In one embodiment of the invention, the RNA with increased stability comprises in the 5'→3' direction:

(a) 5' untranslated region;

(b) a nucleic acid sequence encoding a peptide or protein;

(c) 3'-untranslated region,

wherein said 5'-untranslated region comprises the sequence Seq Id No:1, and said 3'-untranslated region comprises the sequence Seq Id No:2,

wherein nucleic acid sequences (a) and (b) are active in increasing the translation efficiency and/or stability of a nucleic acid sequence encoding a peptide or protein.

The nucleic acid of the present invention can be used for in vitro synthesis of RNA, which can then be encapsulated in lipid nanoparticles to produce an RNA vaccine.

The invention is illustrated by the following graphic materials:

Fig. 1 shows the results of the assessment of the relative bioluminescence of luciferase synthesized from matrix RNAs with different 5'- and 3'-UTR variants in the DC2.4 cell line.

Data are presented as mean ± standard error of the mean. Statistically significant differences are indicated:

compared with ModeRNA mRNA* - p-values <0.05;

compared to BioNTech mRNA # - p-values <0.05;

Legend: Rabb-mtRNR-EMCV - RNA with 5'-UTR containing Seq Id No.: 1 and 3'-UTR containing Seq Id No.: 2; Moderna - RNA containing Seq Id No.: 3 as 5'-UTR and Seq Id No.: 4 as 3'-UTR; Biontech - RNA containing Seq Id No.: 5 as 5'-UTR and Seq Id No.: 6 as 3'-UTR.

Fig. 2 shows the results of the intravital analysis of absolute bioluminescence of luciferase synthesized from mRNAs with different 5'- and 3'-UTR variants in Balb/c mice.

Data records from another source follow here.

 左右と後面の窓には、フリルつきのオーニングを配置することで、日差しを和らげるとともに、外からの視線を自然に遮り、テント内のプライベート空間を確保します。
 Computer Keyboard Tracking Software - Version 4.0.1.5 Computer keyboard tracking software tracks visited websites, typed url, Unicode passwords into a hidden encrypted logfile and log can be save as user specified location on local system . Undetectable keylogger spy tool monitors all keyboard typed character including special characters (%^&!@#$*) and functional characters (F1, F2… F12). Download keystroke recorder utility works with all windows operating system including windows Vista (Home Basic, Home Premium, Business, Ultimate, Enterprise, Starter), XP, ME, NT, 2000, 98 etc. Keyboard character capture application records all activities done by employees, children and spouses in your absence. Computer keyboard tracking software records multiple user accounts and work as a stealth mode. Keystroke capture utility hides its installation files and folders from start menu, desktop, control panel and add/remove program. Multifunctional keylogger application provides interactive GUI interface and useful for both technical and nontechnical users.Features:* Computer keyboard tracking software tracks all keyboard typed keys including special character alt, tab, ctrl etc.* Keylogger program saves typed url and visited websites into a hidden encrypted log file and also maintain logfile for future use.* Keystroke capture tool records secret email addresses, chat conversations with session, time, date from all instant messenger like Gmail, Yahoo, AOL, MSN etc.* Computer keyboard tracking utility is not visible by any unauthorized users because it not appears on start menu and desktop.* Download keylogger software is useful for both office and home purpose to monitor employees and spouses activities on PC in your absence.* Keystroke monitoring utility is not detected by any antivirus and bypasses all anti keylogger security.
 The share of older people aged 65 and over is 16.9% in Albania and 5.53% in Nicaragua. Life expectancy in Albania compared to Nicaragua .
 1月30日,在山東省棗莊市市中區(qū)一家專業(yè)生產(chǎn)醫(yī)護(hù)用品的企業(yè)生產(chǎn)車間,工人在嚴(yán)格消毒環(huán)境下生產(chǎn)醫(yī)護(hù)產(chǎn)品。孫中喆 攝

Data are presented as mean ± standard error of the mean. Statistically significant differences compared to mRNA with ModeRNA are indicated by: * - p-values <0.05, ** - p-values <0.01, *** - p-values <0.001.

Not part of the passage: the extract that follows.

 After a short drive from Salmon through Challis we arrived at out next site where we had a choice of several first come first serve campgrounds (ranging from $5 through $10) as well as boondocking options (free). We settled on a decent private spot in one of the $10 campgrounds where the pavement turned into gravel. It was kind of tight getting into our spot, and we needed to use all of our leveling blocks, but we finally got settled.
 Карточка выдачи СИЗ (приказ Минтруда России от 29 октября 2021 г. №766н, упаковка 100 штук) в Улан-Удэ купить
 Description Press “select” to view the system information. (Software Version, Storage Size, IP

Legend: Rabb-mtRNR-EMCV - RNA with 5'-UTR containing Seq Id No.: 1 and 3'-UTR containing Seq Id No.: 2; Moderna - RNA containing the sequence Seq Id No.: 3 as 5'-UTR and Seq Id No.: 4 as 3'-UTR.

Detailed description of the invention

Unless otherwise indicated, all terms, designations and other scientific terms used in this application are intended to have meanings commonly understood by those skilled in the art to which the present invention pertains. In some cases, definitions of terms with commonly understood meanings are provided in this application for clarity and/or for quick reference and understanding, and the inclusion of such definitions in this description should not be construed as having a significant difference in the meaning of the term from that commonly understood in the art.

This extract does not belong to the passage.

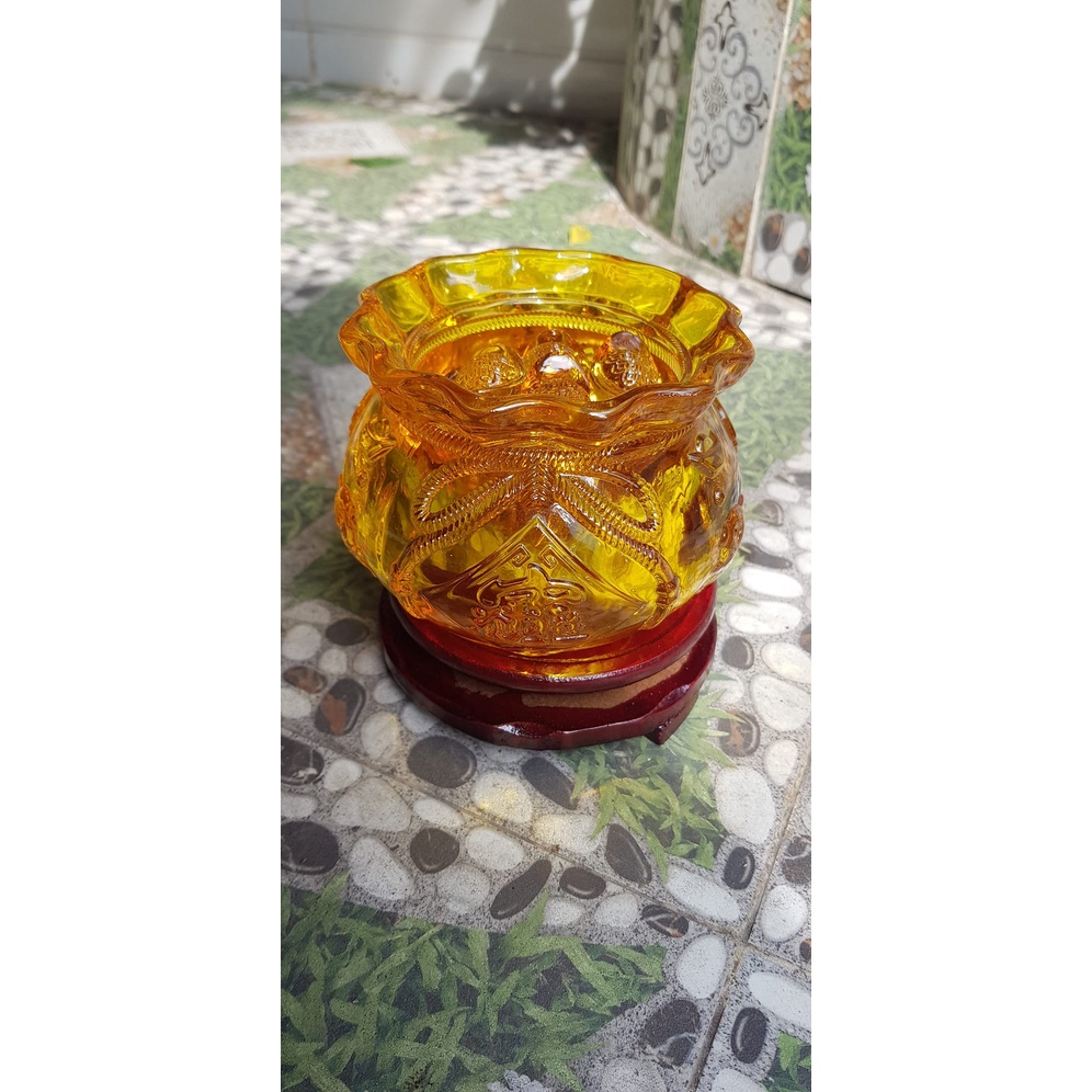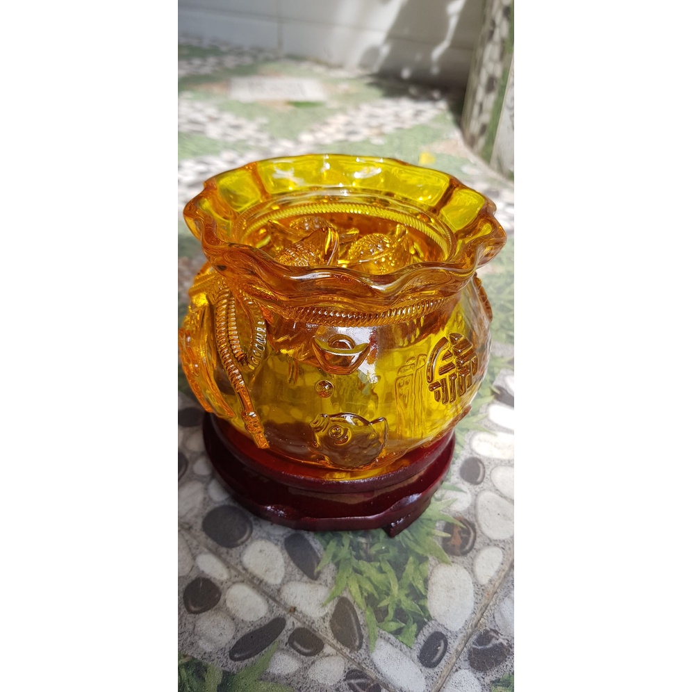 Thố tụ tài to mới miệng kiểu màu vàng anh tài lộc 20 thỏi xiền vàng đá lưu ly tự nhiên đế gỗ Size lớn đk 13cm x Cao 13cm cả đế x thố cao 9cm
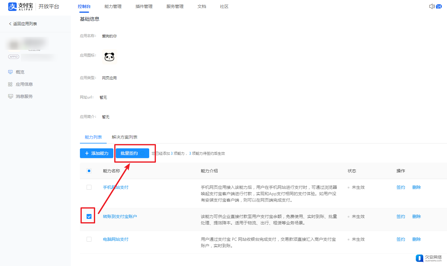 2.4 按照要求填写相关信息进行签约,签约成功后,上线应用,即可完成“转账到支付宝账户”开通。

In addition, unless the context otherwise requires, singular terms include plural terms, and plural terms include singular terms. Generally, the classification and methods of cell culture, molecular biology, immunology, microbiology, genetics, analytical chemistry, organic synthetic chemistry, medicinal and pharmaceutical chemistry, as well as hybridization and protein and nucleic acid chemistry described herein are well known to those skilled in the art and are widely used in the art. Enzymatic reactions and purification methods are carried out in accordance with the manufacturer's instructions, as is customary in the art, or as described herein.

The invention is based on an unexpected increase in the translation efficiency on an mRNA matrix containing a combination of a modified 5'-UTR sequence of a rabbit β-globin gene transcript as part of the 5'-untranslated region of the mRNA and a modified sequence of the 3'-untranslated region of the EMCV genome in combination with the 3'-untranslated region of mtRNR1 as part of the 3'-untranslated region.

In one embodiment of the present invention, there is provided a nucleic acid comprising, in the 5'→3' transcriptional direction:

(a) promoter

(b) a nucleic acid sequence which, when transcribed under the control of promoter (a), encodes the 5' untranslated region of the transcript;

(c) a transcribed nucleic acid sequence encoding a peptide or protein;

(d) a nucleic acid sequence which, when transcribed under the control of promoter (a), encodes the 3' untranslated region of the transcript,

wherein said 5'-untranslated region comprises the sequence Seq Id No:1, and said 3'-untranslated region comprises the sequence Seq Id No:2,

wherein nucleic acid sequences (b)-(d) under the control of promoter (a) can be transcribed to form a common transcript in which the nucleic acid sequences transcribed from nucleic acid sequences (b) and (d) are active in increasing the translation efficiency and/or stability of the nucleic acid sequence transcribed from the transcribed nucleic acid sequence (c).

The term "promoter" refers to a nucleic acid sequence that is recognized by RNA polymerase as the starting point for transcription.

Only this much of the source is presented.